Identify the male sterile lines with high out-crossing rate

The out-crossing rate is the key determinant of hybrid seed production. Seed production has not been efficient and cost-effective for hybrid soybean. The main reason is that the mutations in causing the male sterility also very often have pleiotropic effects and lead to the defect in female function, which make the male sterile lines with low seed set. The identification of ms1 locus revealed that the gene was highly expressed in style and ovary and may also function in megagametogenesis or embryo development in soybean (Fang, et al. 2021). Studies had focused on the outcrossing rate on male sterile plants, the most promising record was the ms2 mutant, the outcrossing rate on male sterile plants was 74% of the self-pollinated plants (Carter, et al. 1986; Perez, et al. 2009). The feasible solution is to speed up the cloning of the causal gene for male sterile mutants that have good recorded with seed-set, and simultaneously generate new male sterile lines by genome editing to make the mutation only affect the male fertility and without any effects on female productivity and other growth habits.
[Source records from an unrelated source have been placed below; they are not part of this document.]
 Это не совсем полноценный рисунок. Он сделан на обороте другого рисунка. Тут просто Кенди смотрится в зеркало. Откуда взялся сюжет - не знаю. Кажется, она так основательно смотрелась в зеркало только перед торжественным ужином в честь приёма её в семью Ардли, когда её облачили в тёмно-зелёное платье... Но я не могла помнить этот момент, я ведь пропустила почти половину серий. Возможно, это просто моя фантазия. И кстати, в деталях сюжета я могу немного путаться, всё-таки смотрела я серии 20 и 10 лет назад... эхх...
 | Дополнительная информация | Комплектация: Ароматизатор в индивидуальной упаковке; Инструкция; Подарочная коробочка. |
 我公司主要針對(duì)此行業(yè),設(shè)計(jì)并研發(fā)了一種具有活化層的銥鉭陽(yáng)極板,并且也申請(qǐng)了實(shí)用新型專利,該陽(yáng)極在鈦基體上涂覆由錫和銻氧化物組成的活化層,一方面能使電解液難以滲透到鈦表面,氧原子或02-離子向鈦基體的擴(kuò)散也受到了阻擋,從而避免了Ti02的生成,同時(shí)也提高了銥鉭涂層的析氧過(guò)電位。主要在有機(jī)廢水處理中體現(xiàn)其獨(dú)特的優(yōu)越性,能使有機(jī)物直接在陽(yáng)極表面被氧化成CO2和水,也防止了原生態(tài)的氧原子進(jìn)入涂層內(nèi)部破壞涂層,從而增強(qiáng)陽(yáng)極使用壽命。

Besides the finding of ideal male sterility lines from the genetic perspective, the structure changes of flower and reproductive organs, for examples, the stigma protruding beyond the anthers, more pollen grains, and nectaries produce more fluids and/or volatiles, could increase the opportunity for cross-pollination (Palmer, et al. 2001). Pollen grain from soybean is heavy and sticky and the insect-mediated pollination is still indispensable even when the soybean flower is opened. The improvement of techniques for hybrid seed production is equally important for the commercialization of hybrid soybean, including the management of insect pollinators for cross-pollination and the suitable environment for both pollinators and soybeans, etc (Palmer, et al. 2001; Garibaldi, et al. 2021).
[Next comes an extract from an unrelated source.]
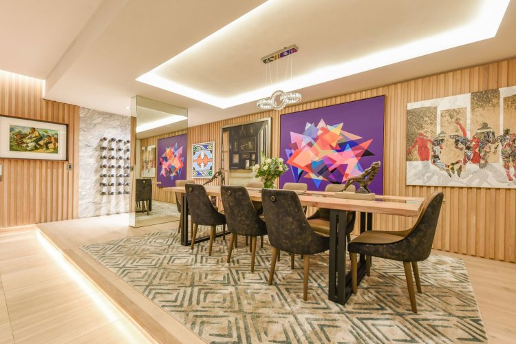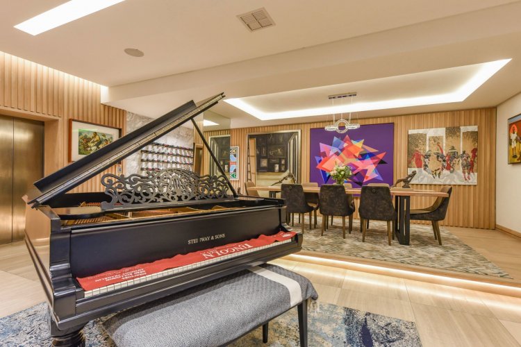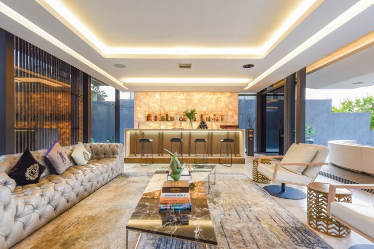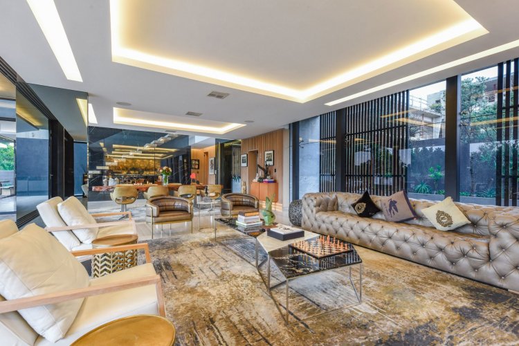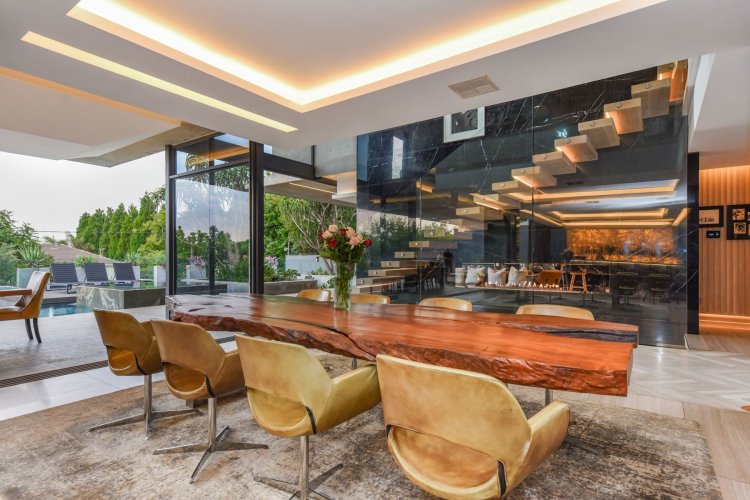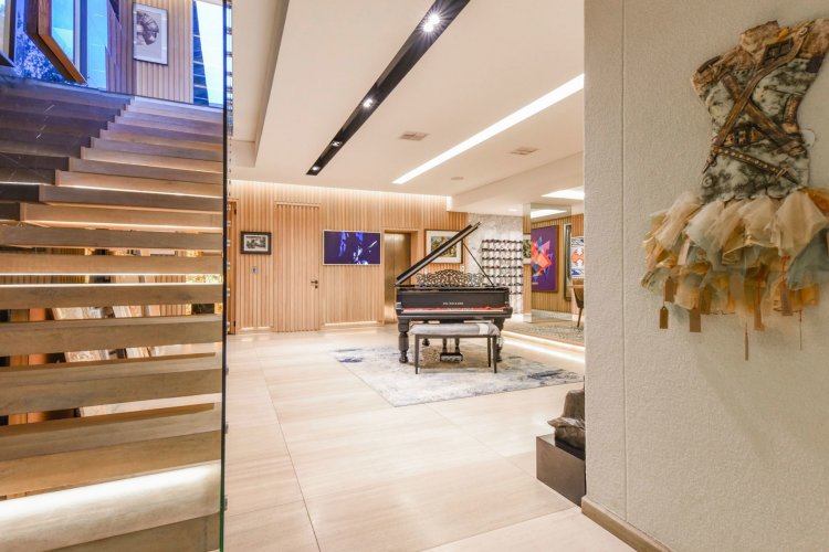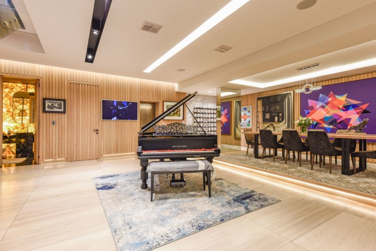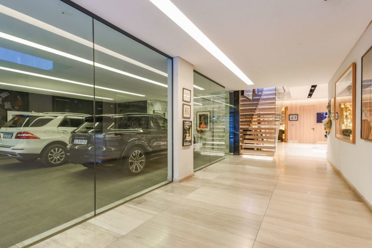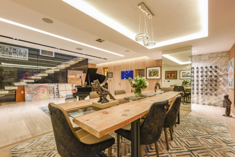 Completing this remarkable residence is the basement level, featuring a glass-enclosed showroom garage that doubles as a bold design statement. An additional entertainment lounge and dining area extend from this space, ideal for hosting lavish gatherings, supported by a second guest cloakroom.

Incorporate genomic selection to precise guidance on hybridization combination

Breeding 4.0 has been considered the next revolution of maize breeding (Wallace, et al. 2018). Even though the soybean breeding program is still at the Breeding 2.0 to 3.0 stages with molecular markers and genomic data to complement phenotypic data, the high-quality graph-based soybean pan-genome and the low cost of genome sequencing will turn promise into practice (Liu, et al. 2020b). The genotypes of soybean germplasm lines will be collected using high-throughput genoty** approaches such as next-generation sequencing (NGS) and SNP array platforms. Genetic variations among soybean germplasm of different origins/sources will make the selection of superior hybrid cost-effective.

Good understanding of the molecular mechanisms of anther development in soybean

Little is known about the biological processes and genes that regulate anther and pollen development in soybean. Like most (70%) angiosperms, soybean produces bicellular pollen. By contrast, rice and Arabidopsis both produce tricellular pollen, the biological significance of the evolution of these two types of pollen grains is still unclear (Williams, et al. 2014). Bicellular pollen undergoes mitotic division to form two sperm cells after germination; prior to anthesis, tricellular pollen forms a male germ unit (MGU) that develops rapidly, which may make tricellular pollen favored in angiosperms that demand rapid reproduction (Hackenberg and Twell, 2019). So, the knowledge of extensive studies of anther and pollen formation in Arabidopsis and rice should not be simply transferred to soybean. Taking advantage of the comparative transcriptome analysis, the uncovering of anther-specific genes, genetic networks, and hub genes in soybean anther development will provide important insights into the molecular events underlying soybean reproductive developmental processes, as well as valuable resources for the plant reproductive biology community in the areas of pollen evolution, pollination/fertilization, and hybrid breeding.

In summary, on-going and future research should consider the enhancement of hybrid seed production efficiency, and the long-term investment and commitment will definitely make the commercialization of hybrid soybean a reality.